All the entries need to be quoted exactly, apart from the pictures, which you should drop.
*** Input records ***
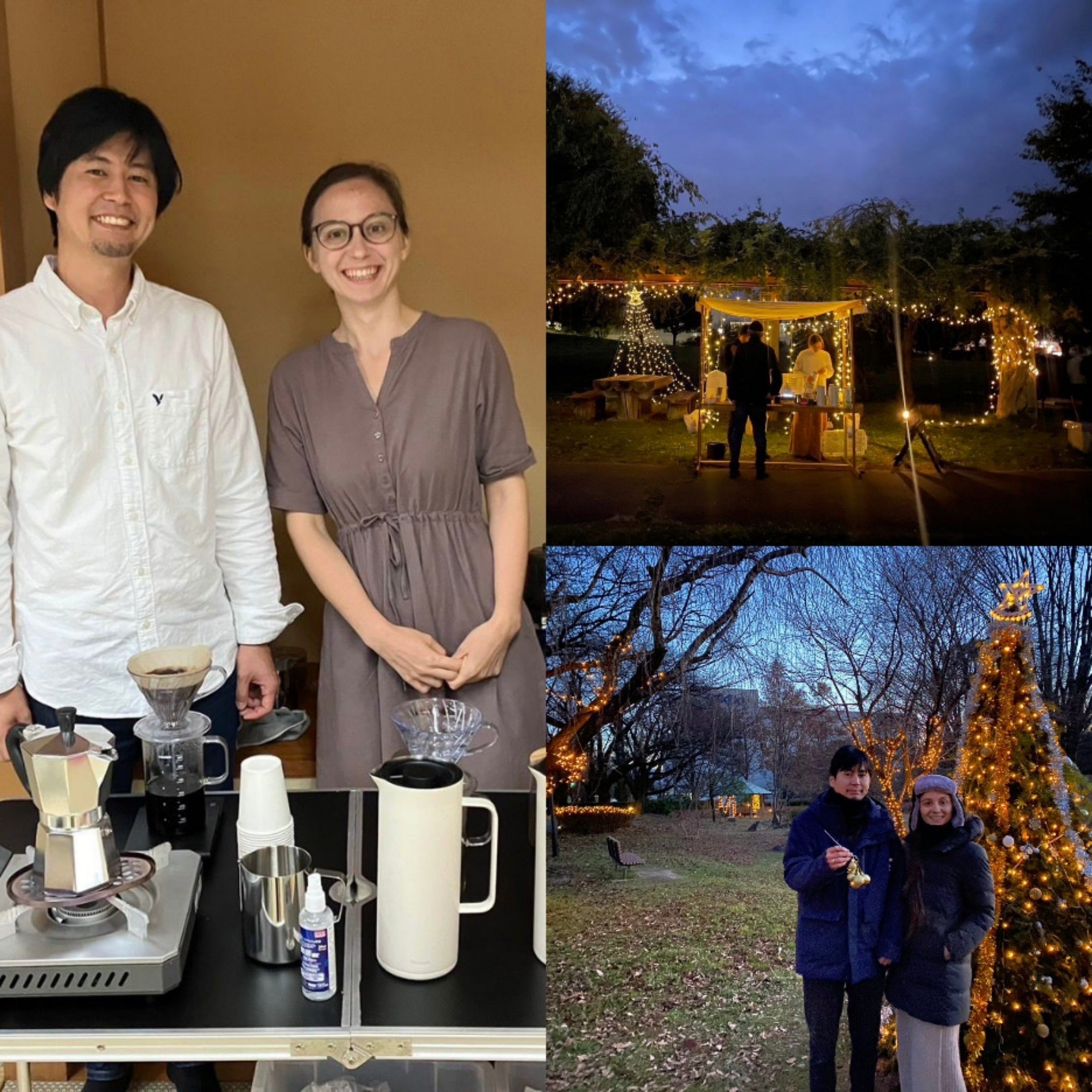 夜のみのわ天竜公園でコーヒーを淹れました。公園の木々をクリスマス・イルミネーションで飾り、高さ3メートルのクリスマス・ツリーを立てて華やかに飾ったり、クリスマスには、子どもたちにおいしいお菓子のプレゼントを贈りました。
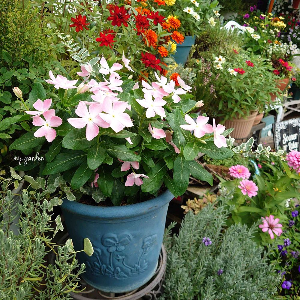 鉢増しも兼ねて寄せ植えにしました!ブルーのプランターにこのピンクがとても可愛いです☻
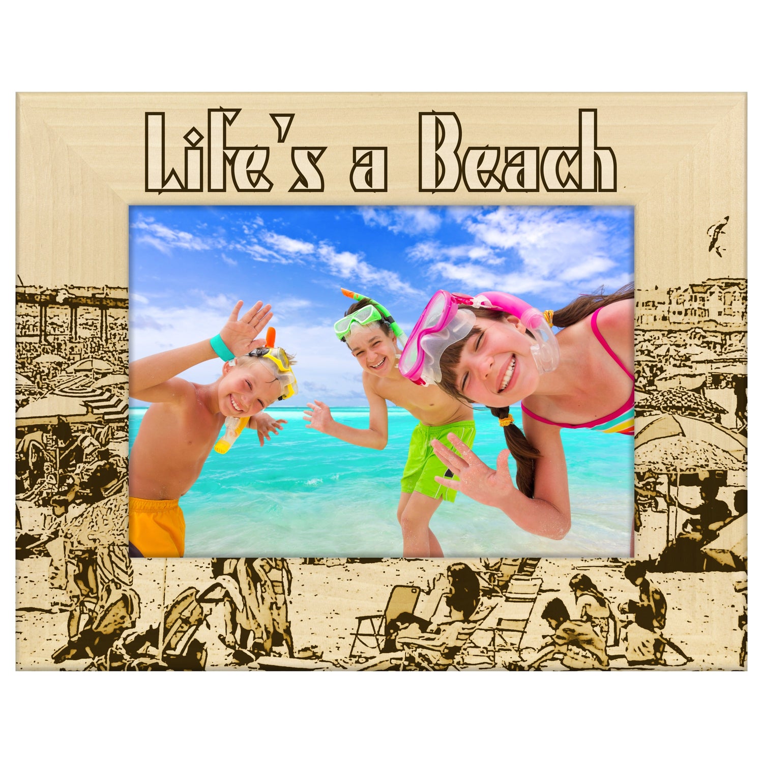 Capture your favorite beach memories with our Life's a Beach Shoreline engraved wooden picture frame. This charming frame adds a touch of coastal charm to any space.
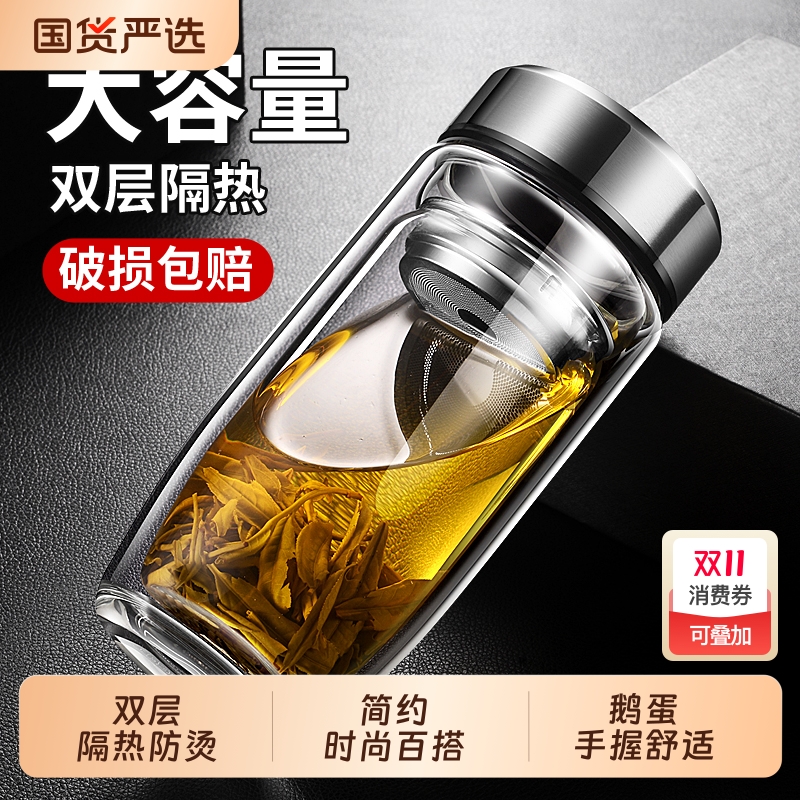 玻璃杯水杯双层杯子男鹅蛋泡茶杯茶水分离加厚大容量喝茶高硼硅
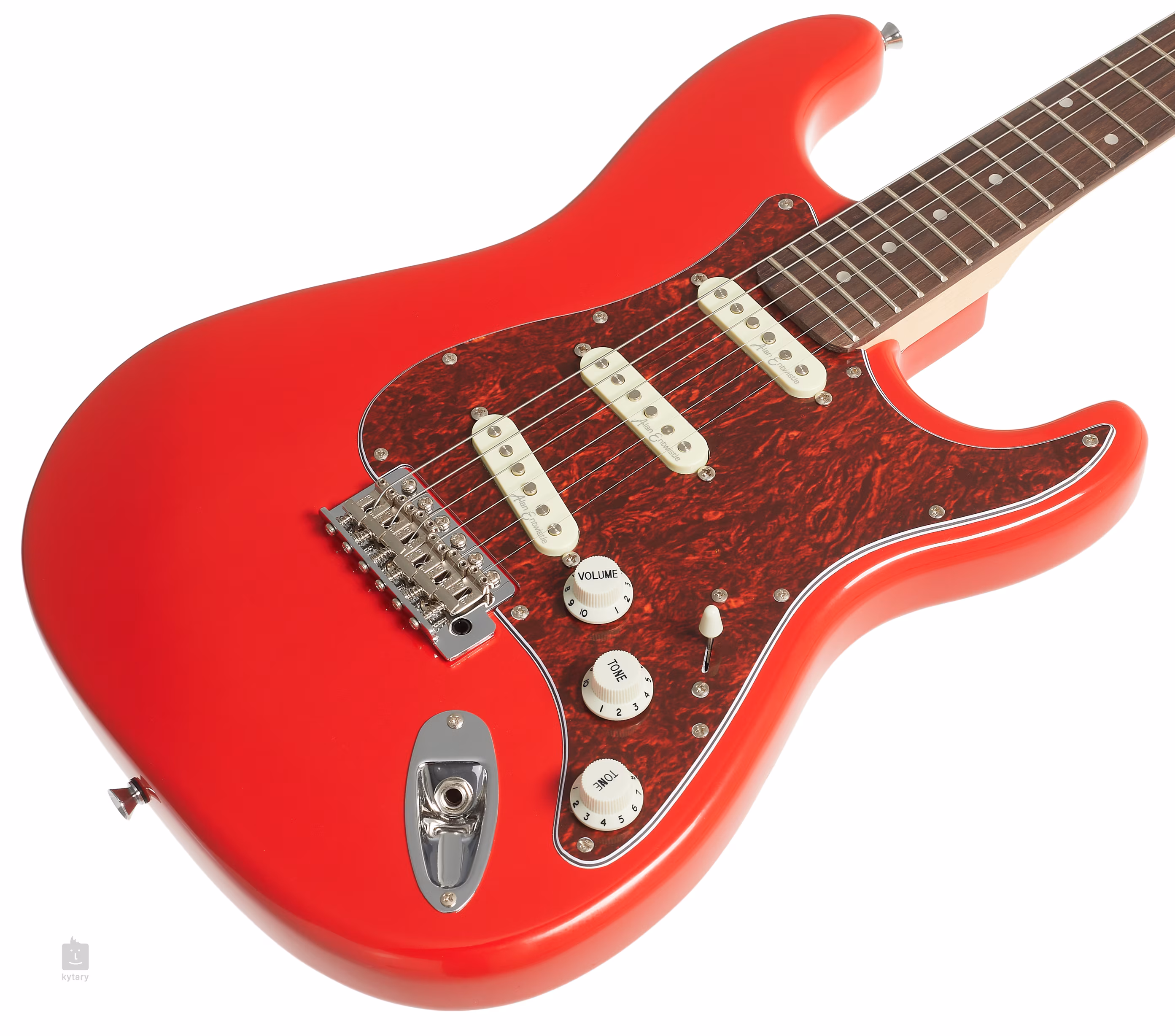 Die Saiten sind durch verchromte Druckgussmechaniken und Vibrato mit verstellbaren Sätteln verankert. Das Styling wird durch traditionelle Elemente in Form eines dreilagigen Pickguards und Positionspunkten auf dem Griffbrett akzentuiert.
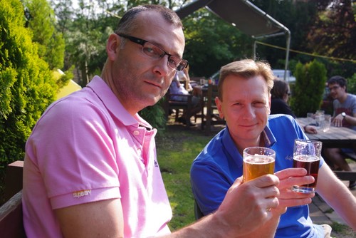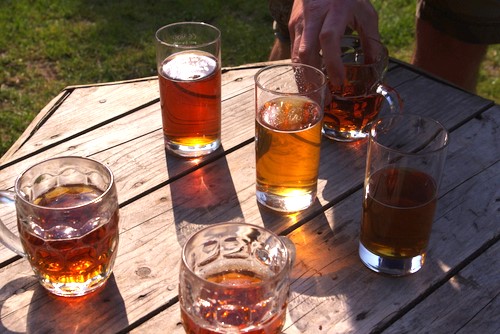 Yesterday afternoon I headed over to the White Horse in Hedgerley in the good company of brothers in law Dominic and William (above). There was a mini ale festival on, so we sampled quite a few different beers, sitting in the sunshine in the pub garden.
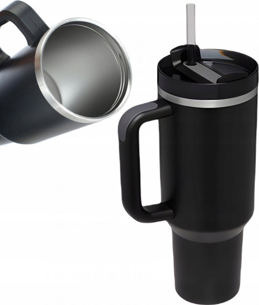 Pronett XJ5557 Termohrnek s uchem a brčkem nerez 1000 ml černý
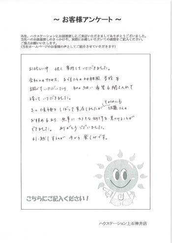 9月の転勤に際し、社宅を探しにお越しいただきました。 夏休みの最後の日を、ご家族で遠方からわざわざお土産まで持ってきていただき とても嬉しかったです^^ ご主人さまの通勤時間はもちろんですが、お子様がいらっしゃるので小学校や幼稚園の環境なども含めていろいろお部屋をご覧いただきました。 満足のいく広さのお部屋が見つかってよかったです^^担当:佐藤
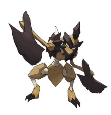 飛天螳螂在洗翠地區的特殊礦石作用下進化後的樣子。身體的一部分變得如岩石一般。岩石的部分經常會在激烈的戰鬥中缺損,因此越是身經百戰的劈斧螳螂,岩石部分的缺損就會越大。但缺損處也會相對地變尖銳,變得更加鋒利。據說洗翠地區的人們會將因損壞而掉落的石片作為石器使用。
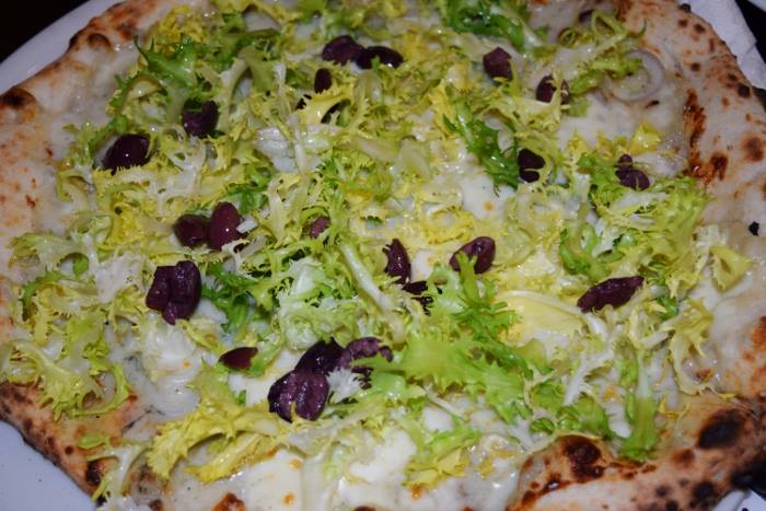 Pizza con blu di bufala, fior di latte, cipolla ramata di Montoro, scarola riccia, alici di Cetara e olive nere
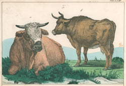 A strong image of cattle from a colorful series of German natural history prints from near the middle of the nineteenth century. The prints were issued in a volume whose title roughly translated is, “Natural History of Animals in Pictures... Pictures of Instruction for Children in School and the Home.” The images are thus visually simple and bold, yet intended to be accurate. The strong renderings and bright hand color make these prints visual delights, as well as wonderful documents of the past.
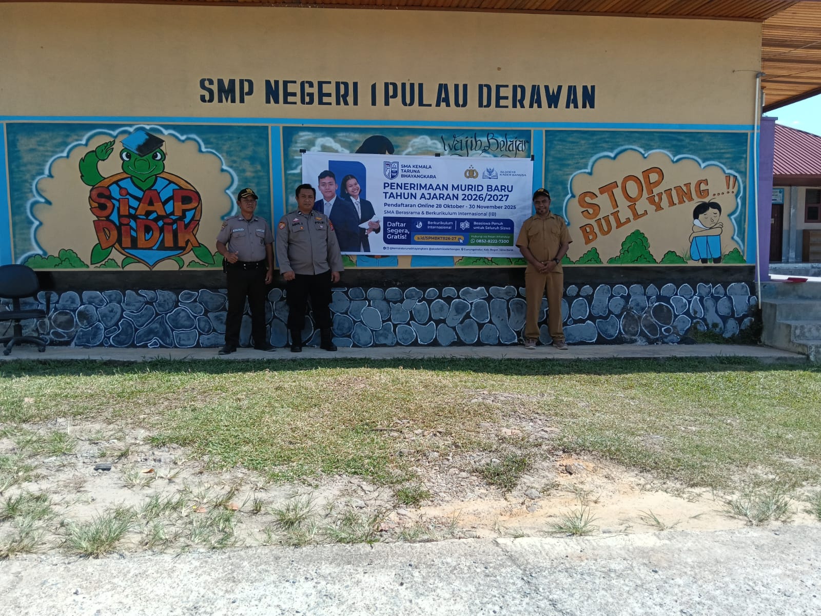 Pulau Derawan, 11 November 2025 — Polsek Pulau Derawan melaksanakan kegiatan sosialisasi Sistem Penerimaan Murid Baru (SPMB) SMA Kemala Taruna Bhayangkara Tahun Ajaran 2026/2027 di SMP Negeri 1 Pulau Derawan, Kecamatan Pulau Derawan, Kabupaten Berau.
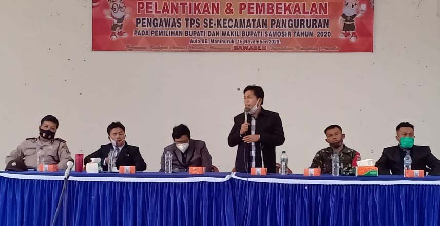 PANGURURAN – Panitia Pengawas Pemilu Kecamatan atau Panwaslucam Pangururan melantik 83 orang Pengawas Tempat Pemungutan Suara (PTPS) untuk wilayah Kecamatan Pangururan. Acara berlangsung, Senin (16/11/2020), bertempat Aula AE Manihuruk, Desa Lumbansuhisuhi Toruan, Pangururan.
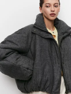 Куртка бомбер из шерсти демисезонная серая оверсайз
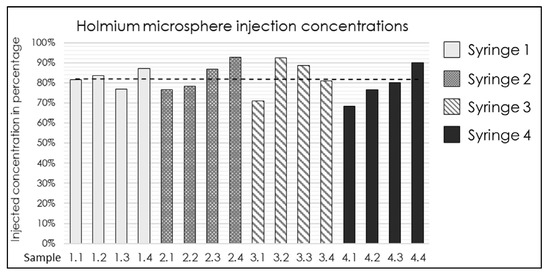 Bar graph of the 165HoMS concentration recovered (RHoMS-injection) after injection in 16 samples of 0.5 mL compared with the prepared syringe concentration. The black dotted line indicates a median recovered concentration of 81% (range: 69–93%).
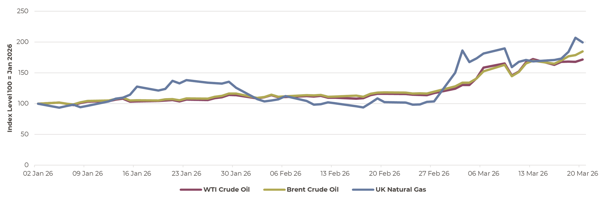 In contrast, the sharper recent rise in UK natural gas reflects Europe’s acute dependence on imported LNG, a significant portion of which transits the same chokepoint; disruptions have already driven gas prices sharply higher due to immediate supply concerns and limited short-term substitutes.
*** End of Input records ***
* _Response box_
 夜のみのわ天竜公園でコーヒーを淹れました。公園の木々をクリスマス・イルミネーションで飾り、高さ3メートルのクリスマス・ツリーを立てて華やかに飾ったり、クリスマスには、子どもたちにおいしいお菓子のプレゼントを贈りました。
 鉢増しも兼ねて寄せ植えにしました!ブルーのプランターにこのピンクがとても可愛いです☻
 Capture your favorite beach memories with our Life's a Beach Shoreline engraved wooden picture frame. This charming frame adds a touch of coastal charm to any space.
 玻璃杯水杯双层杯子男鹅蛋泡茶杯茶水分离加厚大容量喝茶高硼硅
 Die Saiten sind durch verchromte Druckgussmechaniken und Vibrato mit verstellbaren Sätteln verankert. Das Styling wird durch traditionelle Elemente in Form eines dreilagigen Pickguards und Positionspunkten auf dem Griffbrett akzentuiert.
 Yesterday afternoon I headed over to the White Horse in Hedgerley in the good company of brothers in law Dominic and William (above). There was a mini ale festival on, so we sampled quite a few different beers, sitting in the sunshine in the pub garden.
 Pronett XJ5557 Termohrnek s uchem a brčkem nerez 1000 ml černý
 9月の転勤に際し、社宅を探しにお越しいただきました。 夏休みの最後の日を、ご家族で遠方からわざわざお土産まで持ってきていただき とても嬉しかったです^^ ご主人さまの通勤時間はもちろんですが、お子様がいらっしゃるので小学校や幼稚園の環境なども含めていろいろお部屋をご覧いただきました。 満足のいく広さのお部屋が見つかってよかったです^^担当:佐藤
 飛天螳螂在洗翠地區的特殊礦石作用下進化後的樣子。身體的一部分變得如岩石一般。岩石的部分經常會在激烈的戰鬥中缺損,因此越是身經百戰的劈斧螳螂,岩石部分的缺損就會越大。但缺損處也會相對地變尖銳,變得更加鋒利。據說洗翠地區的人們會將因損壞而掉落的石片作為石器使用。
 Pizza con blu di bufala, fior di latte, cipolla ramata di Montoro, scarola riccia, alici di Cetara e olive nere
 A strong image of cattle from a colorful series of German natural history prints from near the middle of the nineteenth century. The prints were issued in a volume whose title roughly translated is, “Natural History of Animals in Pictures... Pictures of Instruction for Children in School and the Home.” The images are thus visually simple and bold, yet intended to be accurate. The strong renderings and bright hand color make these prints visual delights, as well as wonderful documents of the past.
 Pulau Derawan, 11 November 2025 — Polsek Pulau Derawan melaksanakan kegiatan sosialisasi Sistem Penerimaan Murid Baru (SPMB) SMA Kemala Taruna Bhayangkara Tahun Ajaran 2026/2027 di SMP Negeri 1 Pulau Derawan, Kecamatan Pulau Derawan, Kabupaten Berau.
 PANGURURAN – Panitia Pengawas Pemilu Kecamatan atau Panwaslucam Pangururan melantik 83 orang Pengawas Tempat Pemungutan Suara (PTPS) untuk wilayah Kecamatan Pangururan. Acara berlangsung, Senin (16/11/2020), bertempat Aula AE Manihuruk, Desa Lumbansuhisuhi Toruan, Pangururan.
 Куртка бомбер из шерсти демисезонная серая оверсайз
 Bar graph of the 165HoMS concentration recovered (RHoMS-injection) after injection in 16 samples of 0.5 mL compared with the prepared syringe concentration. The black dotted line indicates a median recovered concentration of 81% (range: 69–93%).
 In contrast, the sharper recent rise in UK natural gas reflects Europe’s acute dependence on imported LNG, a significant portion of which transits the same chokepoint; disruptions have already driven gas prices sharply higher due to immediate supply concerns and limited short-term substitutes.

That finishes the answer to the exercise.